According to the present invention, it is possible to correct the deformation of the cross-sectional shape of the wiring pattern because it is identified which of the given directions the running direction of the wiring pattern under inspection is. In addition, it is possible to provide a printed wiring shape inspection device that accurately measures the height of the wiring pattern, which greatly contributes to the performance improvement of the printed wiring board.
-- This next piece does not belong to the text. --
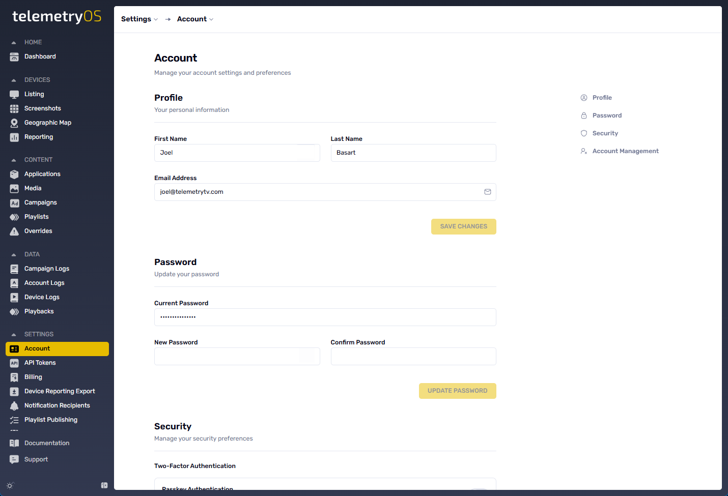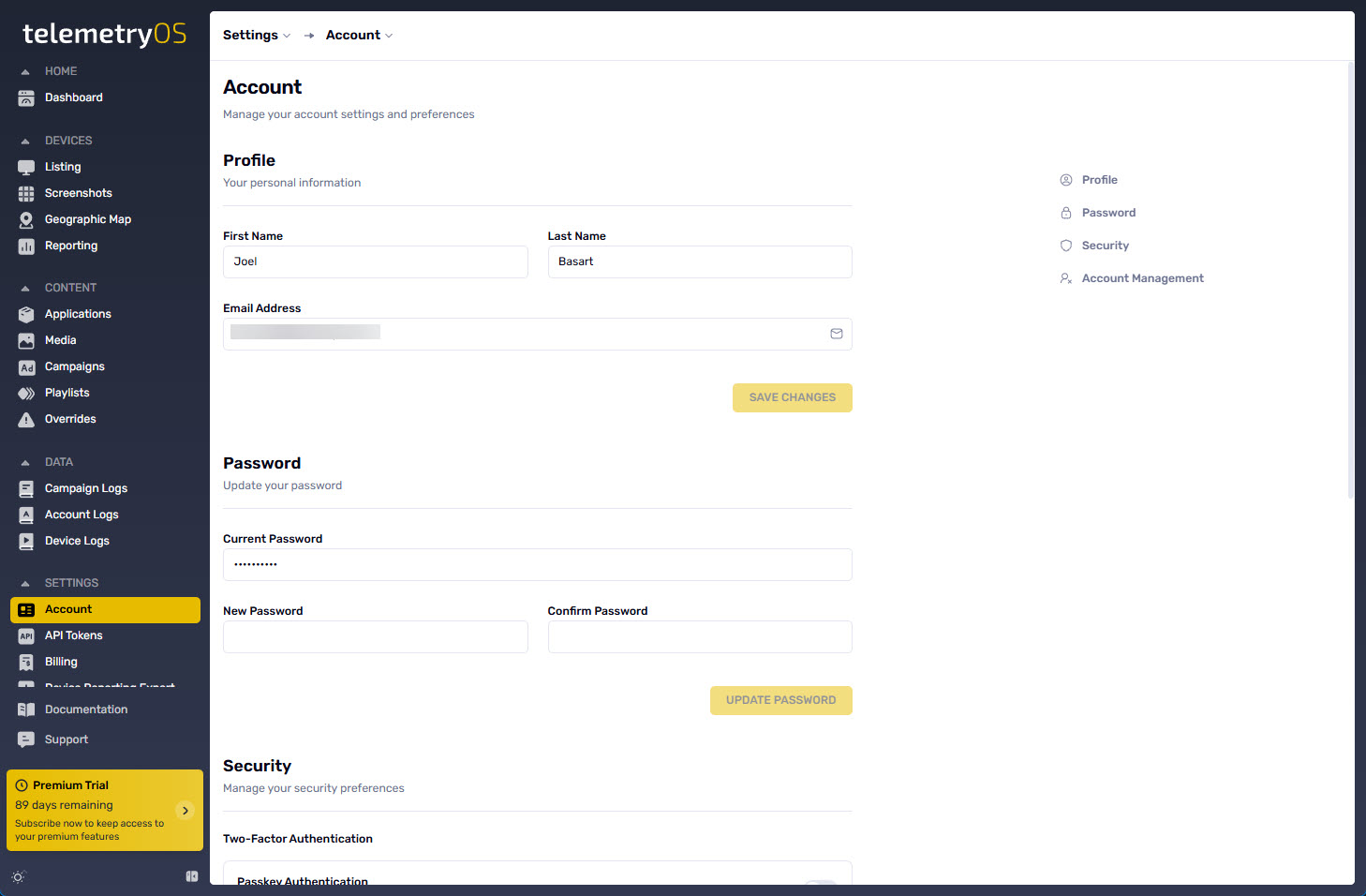 TelemetryOS Edge devices include password protection features for enhanced digital signage content security and control.

[Brief description of drawings]

FIG. 1 is an explanatory diagram of a wiring direction detecting means according to an embodiment of the present invention

FIG. 2 is an explanatory view of a wiring pattern height measuring method.

[Explanation of symbols]

 1 substrate 2 wiring pattern 3 irradiation light 4 shadow 5 points 6 line segment

Claims (2)

[Claims] 1. A wiring pattern (2) formed on the printed wiring board (1) projected onto the surface of the printed wiring board (1) by irradiation light (3) obliquely above the printed wiring board (1). Of the shadow (4) and the width of the wiring pattern (2) and a region of the area where the light emitted from below the printed wiring board (1) is shielded by the wiring pattern (2). From the width measurement means and the measured value of the width of the shadow (4) of the wiring pattern (2) and the width of the wiring pattern (2), the width of the area where light is shielded by the wiring pattern (2) is determined. The measured value is subtracted to obtain the shadow length of the wiring pattern (2),
In a printed wiring shape inspection apparatus having a means for calculating the height of the wiring pattern (2) from the length of the shadow, a wiring orientation detecting means for the wiring pattern (2) and a wiring orientation corresponding to the wiring orientation. And a means for correcting the width of the light-shielded area. 2. The printed wiring shape inspection apparatus according to claim 1, wherein the means for detecting the wiring direction of the wiring pattern (2) includes an image captured by a TV camera provided directly above the wiring pattern (2). An image processing unit that performs binarization processing,
In the image processing unit, the width of the image of the wiring pattern (2) is measured along a line segment (6) radially extending from a point (5) on the center line of the image of the wiring pattern (2). And a direction of the line segment (6) that minimizes the width of the image of the wiring pattern (2) and a maximum direction of the line segment (6).
The line segment (6) for a plurality of wiring directions given in advance
A plurality of wiring orientations given in advance in which the orientations of the line segment (6) having the minimum width and the maximum width of the wiring pattern (2) to be observed are the same. And a means for detecting one azimuth as the wiring azimuth of the image of the wiring pattern (2).